(Beginning of EXTRACTED ENTRIES)

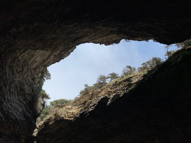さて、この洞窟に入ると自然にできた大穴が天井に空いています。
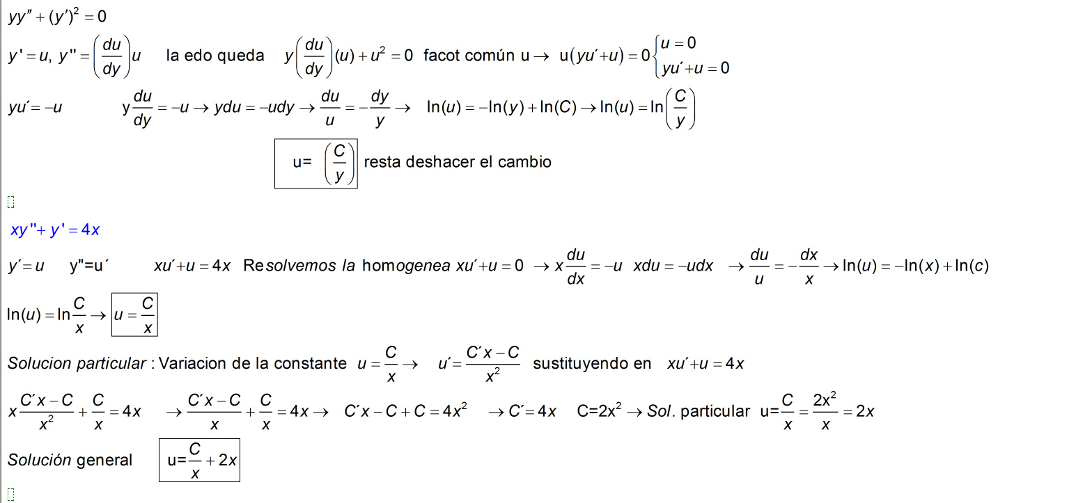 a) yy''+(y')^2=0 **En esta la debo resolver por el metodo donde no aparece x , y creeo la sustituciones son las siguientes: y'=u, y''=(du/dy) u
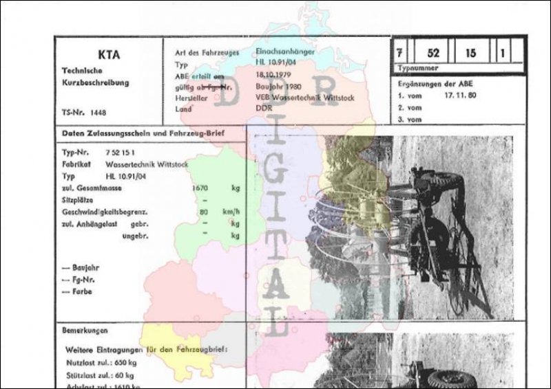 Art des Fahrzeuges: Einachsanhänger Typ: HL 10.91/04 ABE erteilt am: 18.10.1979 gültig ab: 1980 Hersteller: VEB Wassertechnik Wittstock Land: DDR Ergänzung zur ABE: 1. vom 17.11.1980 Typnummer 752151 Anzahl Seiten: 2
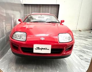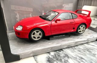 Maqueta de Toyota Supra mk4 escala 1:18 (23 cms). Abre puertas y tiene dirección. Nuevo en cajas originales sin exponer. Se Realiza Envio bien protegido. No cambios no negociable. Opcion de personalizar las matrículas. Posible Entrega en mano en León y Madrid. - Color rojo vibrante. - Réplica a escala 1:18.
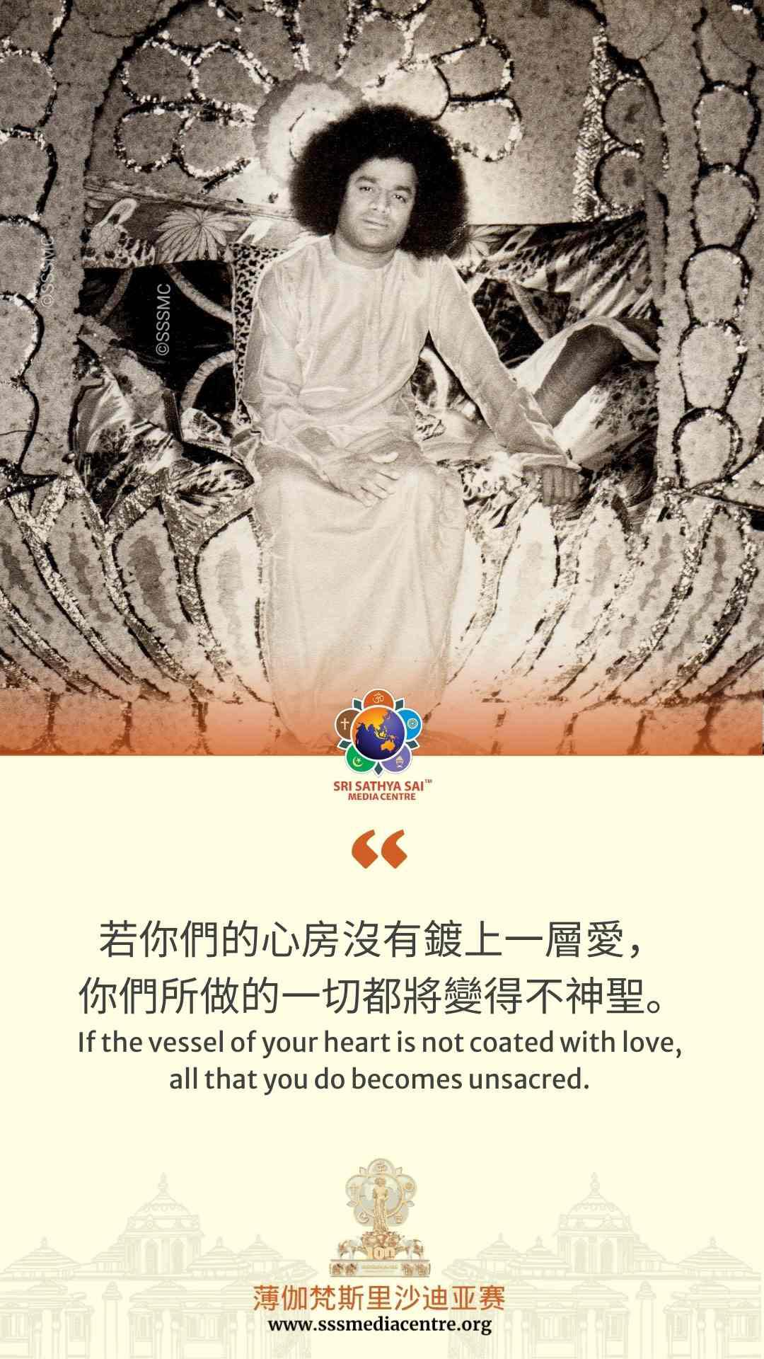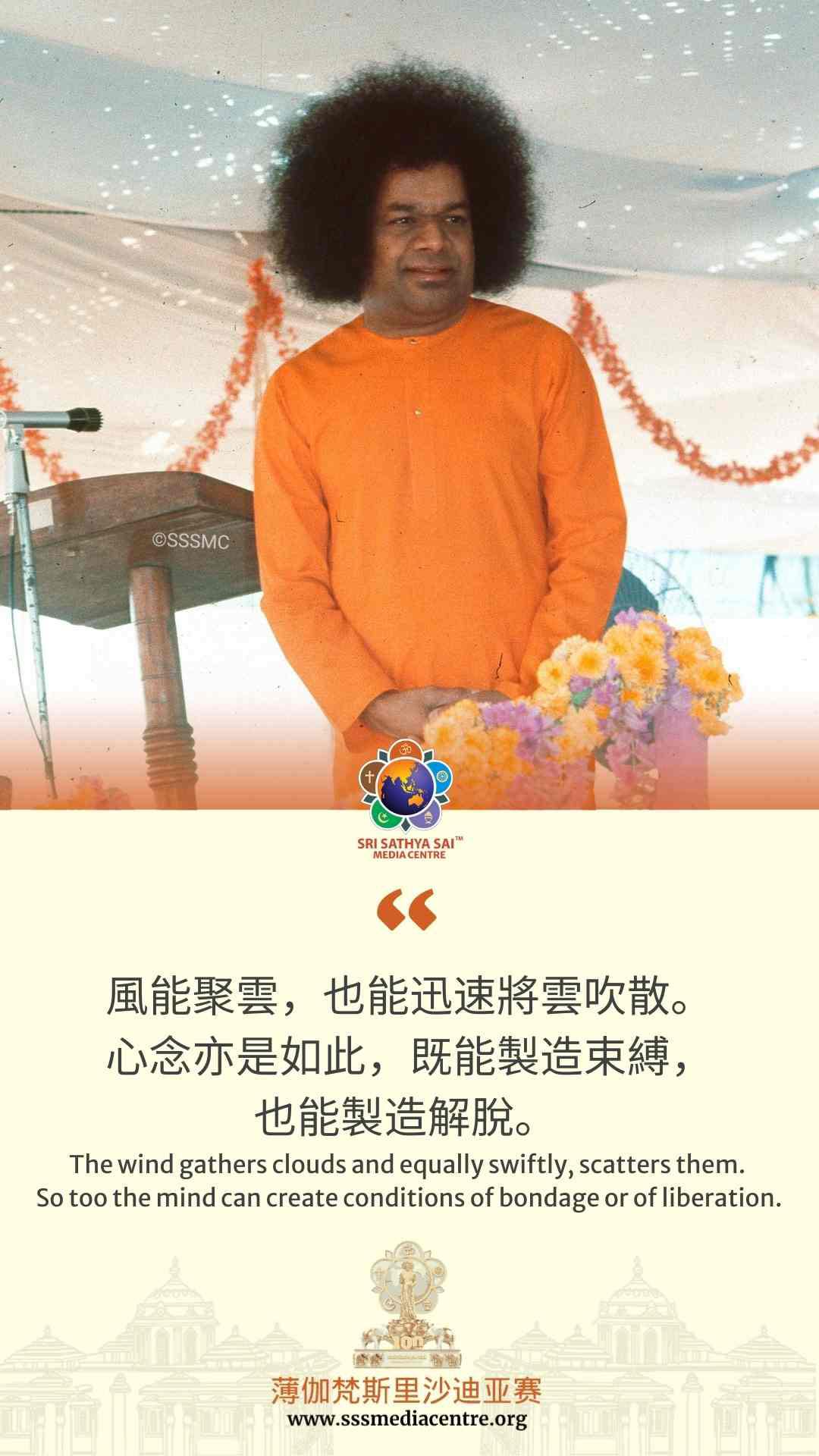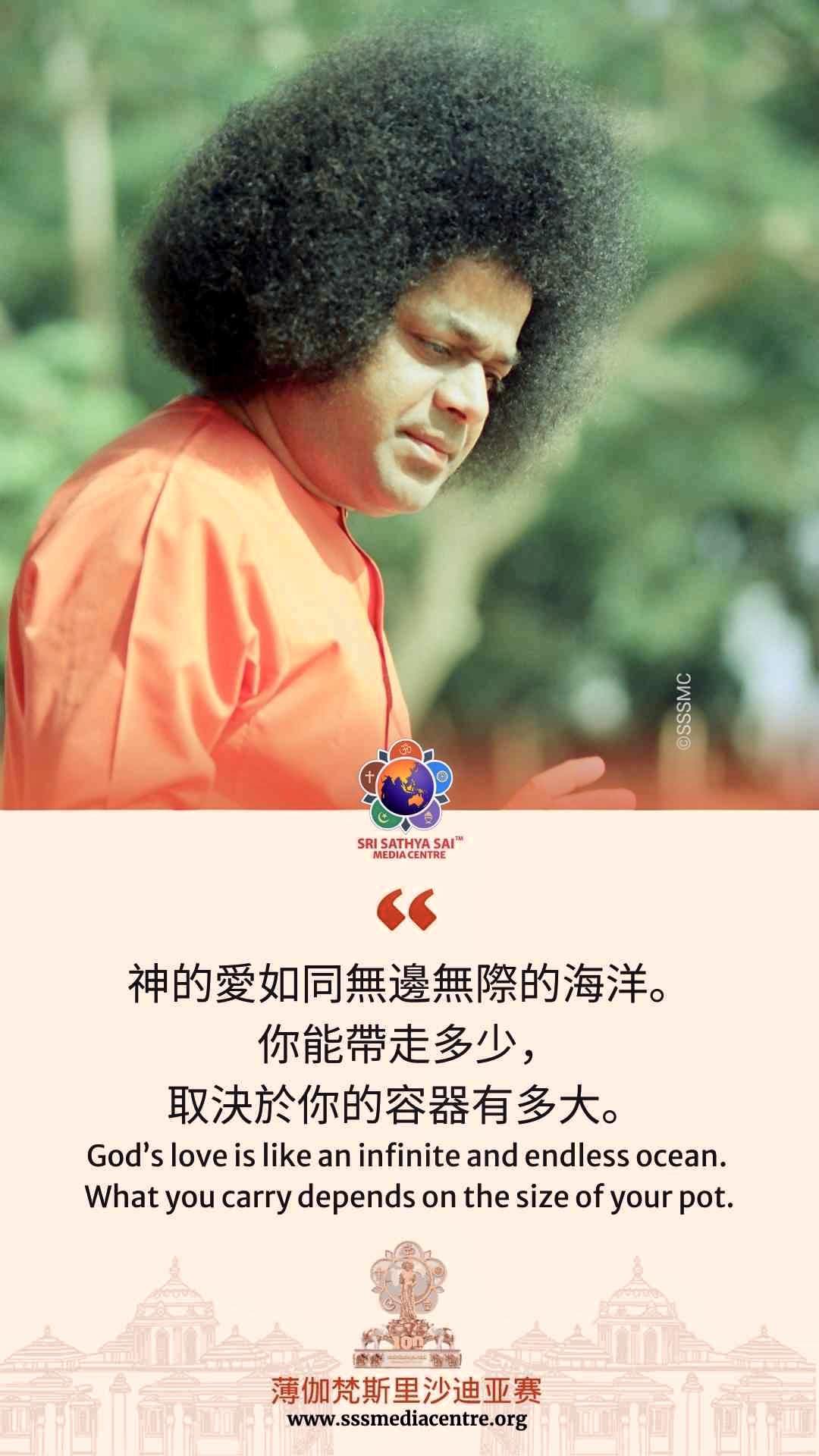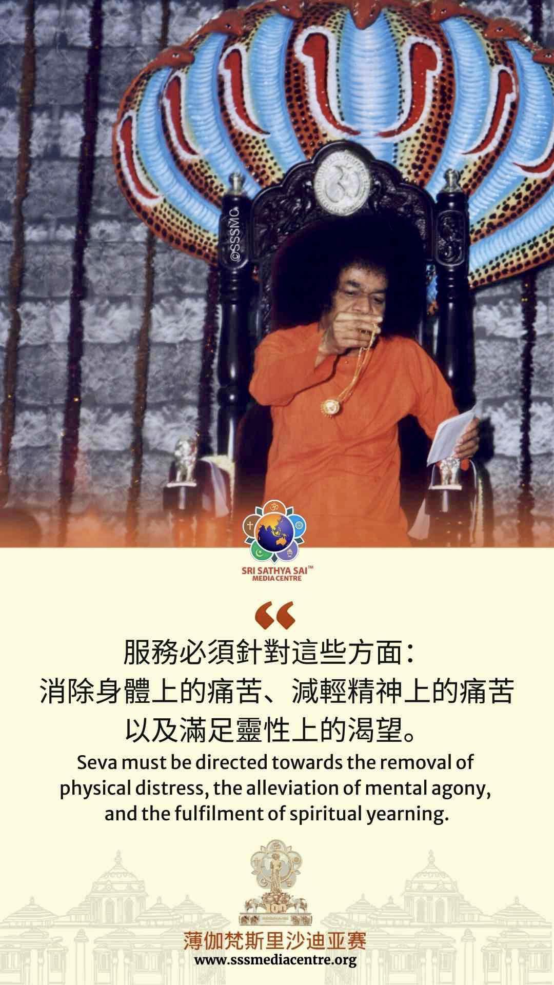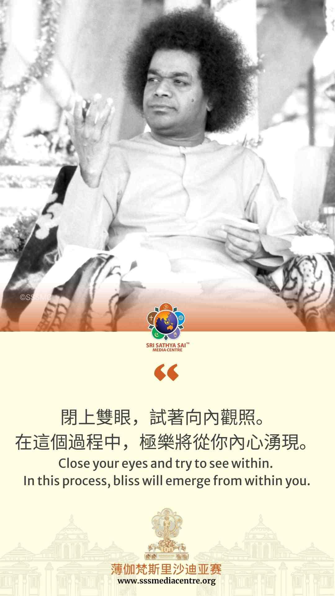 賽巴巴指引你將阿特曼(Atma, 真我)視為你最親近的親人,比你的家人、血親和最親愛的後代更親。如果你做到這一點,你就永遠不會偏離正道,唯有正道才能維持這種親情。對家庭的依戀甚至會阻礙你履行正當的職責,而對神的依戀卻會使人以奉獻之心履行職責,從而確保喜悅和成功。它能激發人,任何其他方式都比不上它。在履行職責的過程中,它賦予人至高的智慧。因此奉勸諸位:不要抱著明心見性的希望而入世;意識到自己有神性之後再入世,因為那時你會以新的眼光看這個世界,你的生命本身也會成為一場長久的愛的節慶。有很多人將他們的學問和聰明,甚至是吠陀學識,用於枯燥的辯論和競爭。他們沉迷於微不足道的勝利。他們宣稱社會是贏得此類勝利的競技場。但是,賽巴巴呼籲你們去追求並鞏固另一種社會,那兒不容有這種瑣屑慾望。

(End of EXTRACTED ENTRIES)

WHAT NEEDS TO BE DONE
Starting at the line above with "a) yy''+(y')^2=0 **En", output every line exactly up to and including the line with "Art des Fahrzeuges: Einachsanhänger", but none of the pictures.

EXERCISE RESULT
 a) yy''+(y')^2=0 **En esta la debo resolver por el metodo donde no aparece x , y creeo la sustituciones son las siguientes: y'=u, y''=(du/dy) u
 Art des Fahrzeuges: Einachsanhänger Typ: HL 10.91/04 ABE erteilt am: 18.10.1979 gültig ab: 1980 Hersteller: VEB Wassertechnik Wittstock Land: DDR Ergänzung zur ABE: 1. vom 17.11.1980 Typnummer 752151 Anzahl Seiten: 2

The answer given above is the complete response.